The first requires me to use decode to change line to a string.

This suggests to me that m is a file opened in binary mode, not text
mode. As such, the .readlines() method returns instances of btes, not
instances of str. Converting to a str requires knowing the text
encoding used in the binary file. These days that is often UTF-8, but it
is by no means always so.

The second sometimes converts input to a string requiring me to check
that it is not a string before using decode.

That really surprises me. I would expect to always get bytes, or
always get str. Can you demonstrate this behaviour?

1 Like

Just for the record, you basically shouldn’t ever use either. Instead, just iterate over the file object directly:

for line in m:
    ...

This is equivalent to for line in m.readlines() but is shorter, simpler and much more efficient (memory-efficient for sure, and possibly also more time-efficient if you exit the iteration early), as it just reads the file line by line instead of loading the entire file into memory, splitting it into a list and then iterating over that whole list.

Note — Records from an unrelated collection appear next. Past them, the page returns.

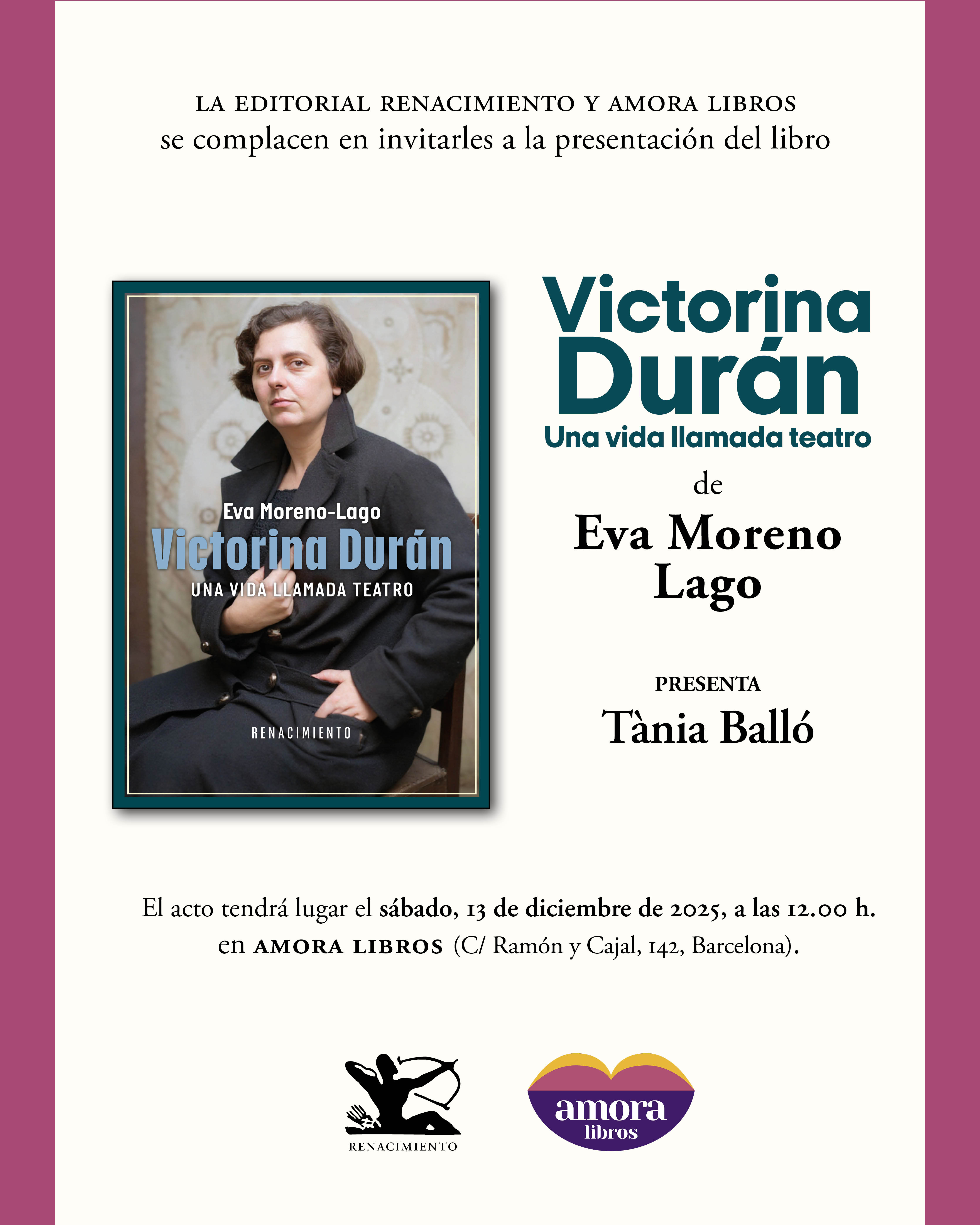 Os invitamos a la presentación del libro Victorina Durán. Una vida llamada teatro, de Eva Moreno-Lago, la primera biografía de Victorina Durán, icono lésbico de la España del siglo XX y pionera del vestuario teatral moderno. El acto tendrá lugar el sábado 13 de diciembre de 2025, a las 12:00 h, en Amora Libros (C/ Ramón y Cajal, 142, Barcelona), y será presentado por Tània Balló.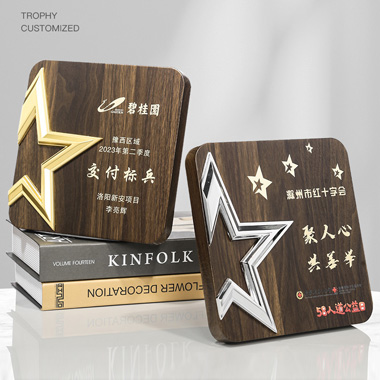 513 / 成都金属五星胡桃木奖牌木质奖牌定制胡桃实木加盟牌匾…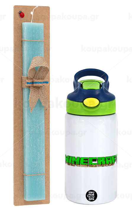Minecraft logo green, Easter Set, Children's thermal stainless steel bottle with safety straw, green/blue (350ml) & aromatic flat Easter candle (30cm) (TURQUOISE)
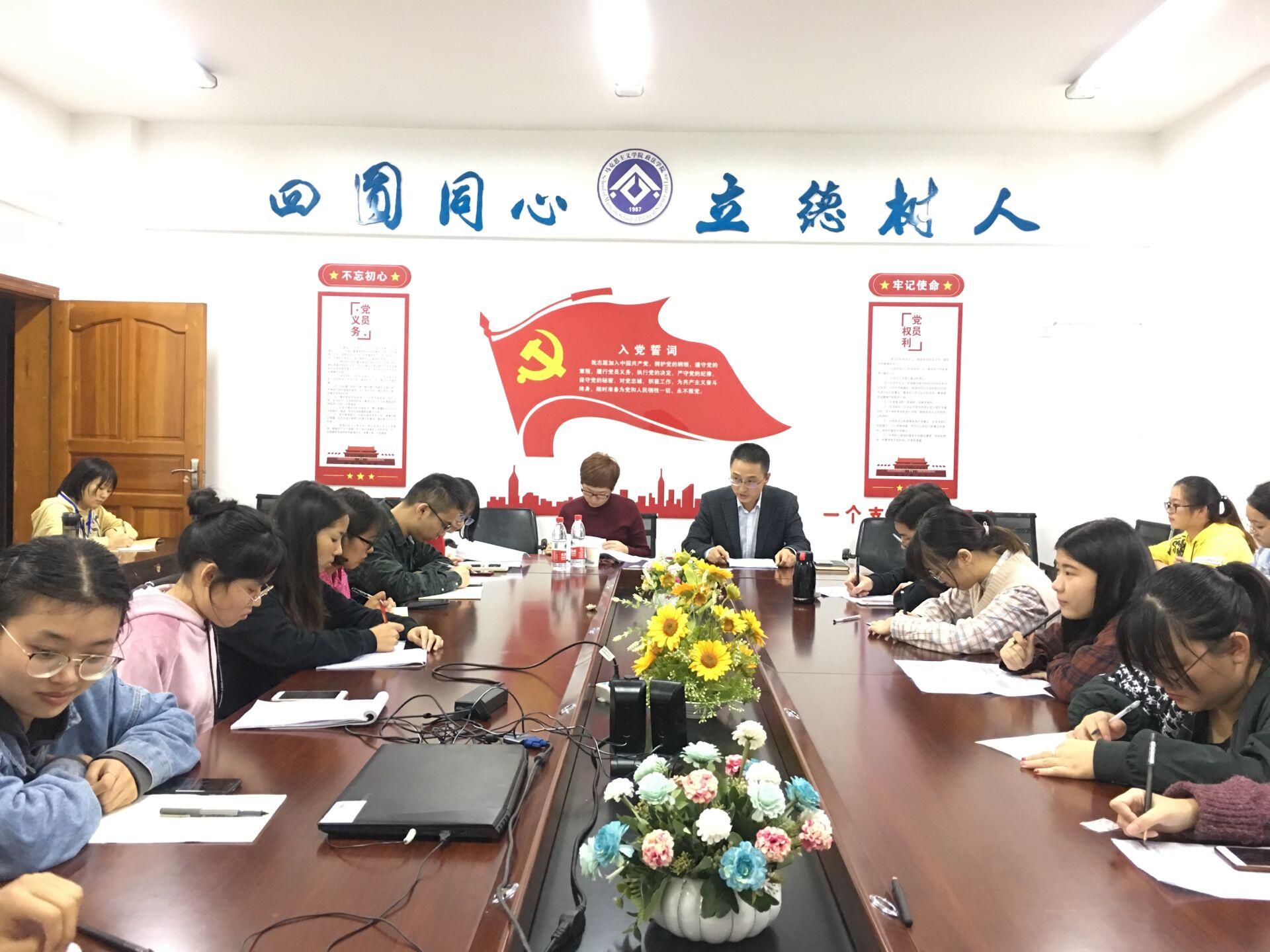 2019年10月10日下午5:30,伟德国际官网学生党支部对照党章党规找差距专题会在博文楼611会议室召开,党总支副书记吴辉兵、辅导员曾亚、政法学院全体学生党员参加会议。学校主题教育督导员、离退休工作处处长郑静到会指导工作。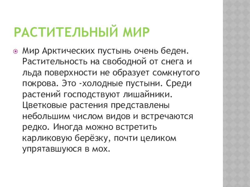 и льда поверхности не образует сомкнутого покрова. Это -холодные пустыни. Среди растений господствуют лишайники. Цветковые растения представлены небольшим числом видов и встречаются редко. Иногда можно встретить карликовую берёзку, почти целиком упрятавшуюся в мох.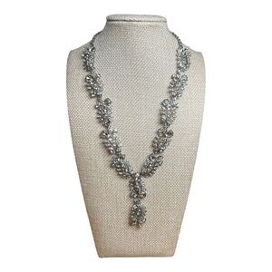 INC Silver Leaf Rhinestone Design Statement Necklace 19” Necklace + 3” Extender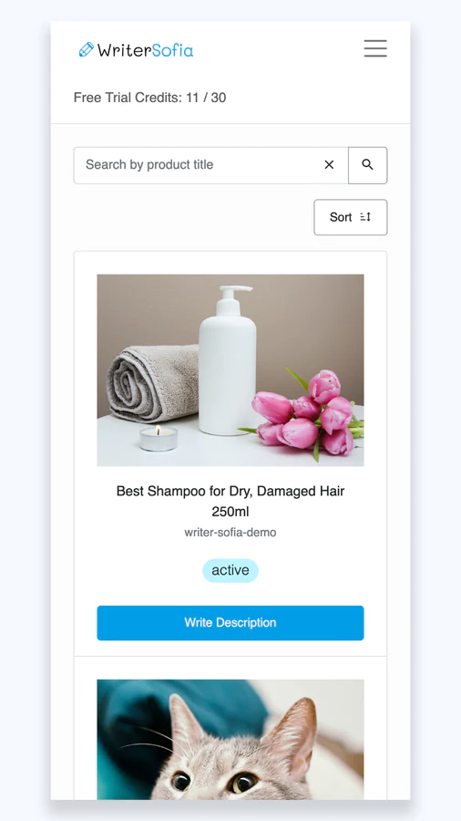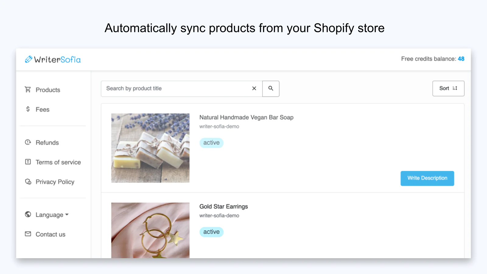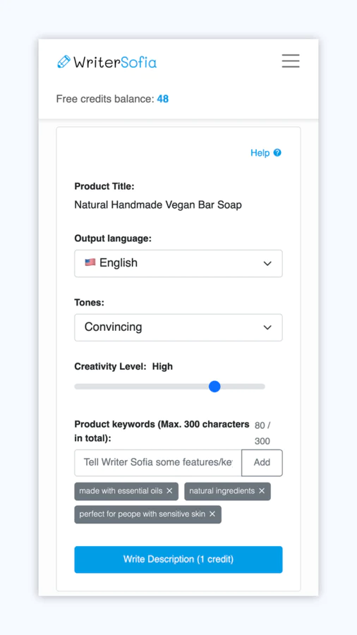 Writer Sofia can help you improve your conversion rates by creating descriptions that are more likely to convert visitors into customers. You can easily write and test more copy variations to increase sales.

The one plausible reason I can think of why the lines=m.readlines(); for line in lines option could make sense is if you need the entire list to re-use later in some other non-loop operation, though there may be other better strategies for that too depending on the specific use case.

2 Likes

Also, on an administrative note—updating the title is fine, but please don’t wipe your OP to indicate the problem is solved (with no explanation as to why/how); that’s considered rather rude and inconsiderate, as it means others who have the same question cannot easily find or reference it, and the replies from people who spent their volunteer time helping you will now be out of context. Furthermore, web users may not get notified and email users like @cameron will never see it at all. As such, I’ve reverted it for you.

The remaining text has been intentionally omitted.